Però gli uomini ne sono consapevoli. Non è per questo che creano simulacri dalle sembianze umane sempre giovani e pensierosi, specchio di se stessi, o donne estremamente belle, specchi dei loro desideri ? Non è per questo che io sto qui con le membra e le parti più sensibili congelate nell’eterna attesa?
Oh, burattinaio sei stato tu ad impormi l’attesa, mi hai costruito come se il mio destino fosse attendere.
Come tutti gli umani mi hai creato per illudere te stesso che l’attesa fosse eterna, potesse allontanare ogni decadenza fisica, potesse allontanare quella fine a cui tutti si rifiutano di pensare.

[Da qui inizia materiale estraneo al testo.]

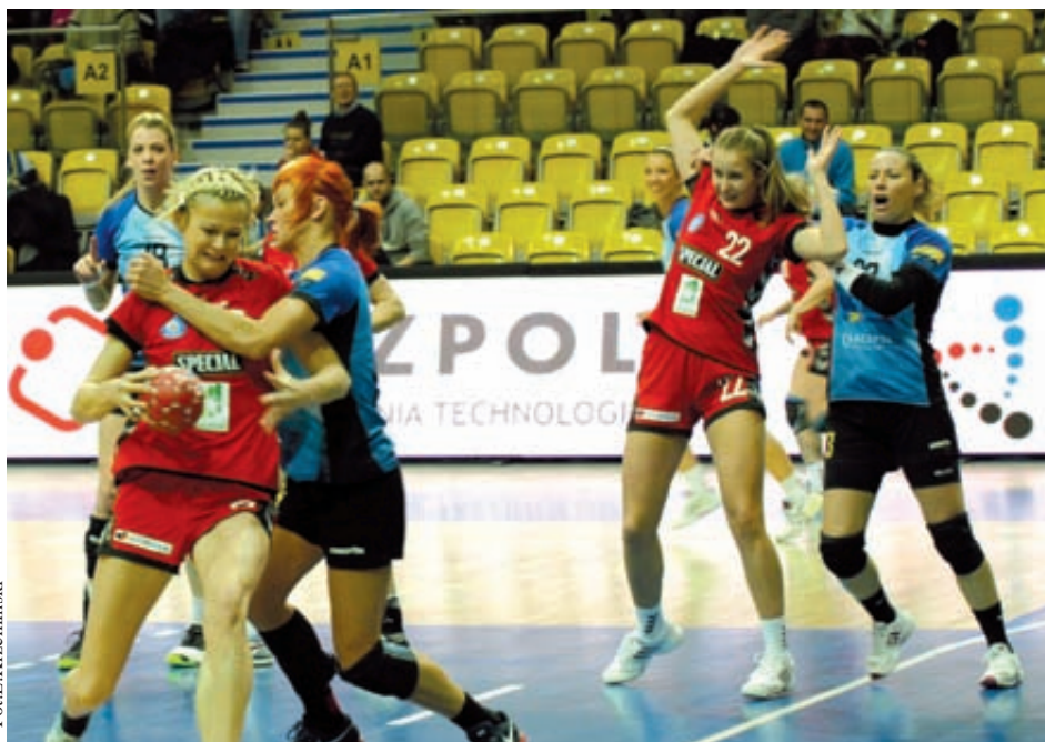
Tabela PGNiG Superligi

Przypomnijmy jeszcze, że w minionym tygodniu gdynianki grały w kratkę. Najpierw przegrały prestiżowe spotkanie z Zagłębiem Lubin
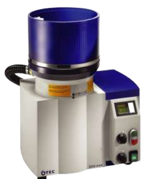
Úsporné řešení pro malovýrobu: Zařízení ECO-Maxi je dokonalé, propracované a rozšiřitelné.
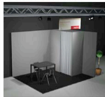
STAND 4 x 3 m - DUE LATI APERTI
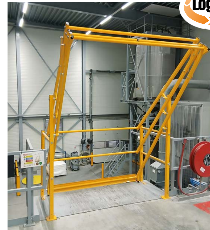
Een grondige visuele inspectie kan het verschil maken om de effectiviteit en betrouwbaarheid te waarborgen.
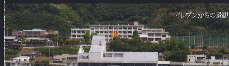
イレブンからの景観

会議・研修に最適なテーブル席を配置した洋室。こちらもパーティションにより分割が可能。ご宿泊の際には2階共同シャワールームをご使用頂けます。
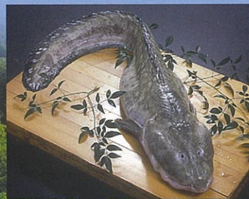
ばばちゃん (タナカゲンゲ)

鳥取の冬の味覚の王者でジオの恵み。漁獲量日本一の産地だからこそ食べられる「かに刺し」は絶品です。
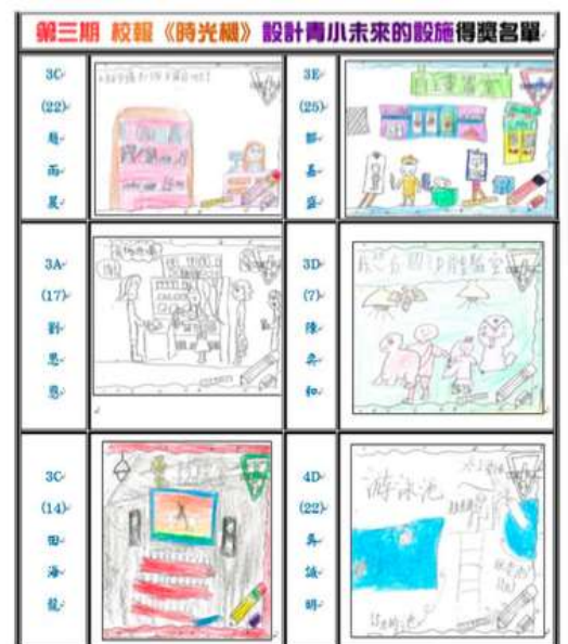
▲ 學生設計未來校園的設施

Bastava invece che avessi donato al mio cuore la sordità e alle labbra la possibilità di parlare.
Dall’alto di quest’armadio avrei guidato l’uomo – promettendogli l’eterna giovinezza, anche se in un’altra vita – e poi avrei dominato i suoi piaceri e comandato ai desideri delle sue donne e poi avrei consolato – bastano le parole – il lamento dei suoi parenti e poi esaltato lo stupore di tutti coloro che sarebbero venuti a vedere il fenomeno della bambola parlante e poi, infine col tempo, avrei dominato i gusti, le scelte le ideologie e la vita tutta dell’umanità intera. Senza cuore, o meglio col cuore di pietra, avrei impartito la giustizia, distribuito il vero amore, alimentato l’odio, acceso le illusioni. Tutto mi sarebbe stato possibile.
Oh, burattinaio, avresti costruito la più potente delle divinità.
Allora sì, sarei stata eterna, unica, vera.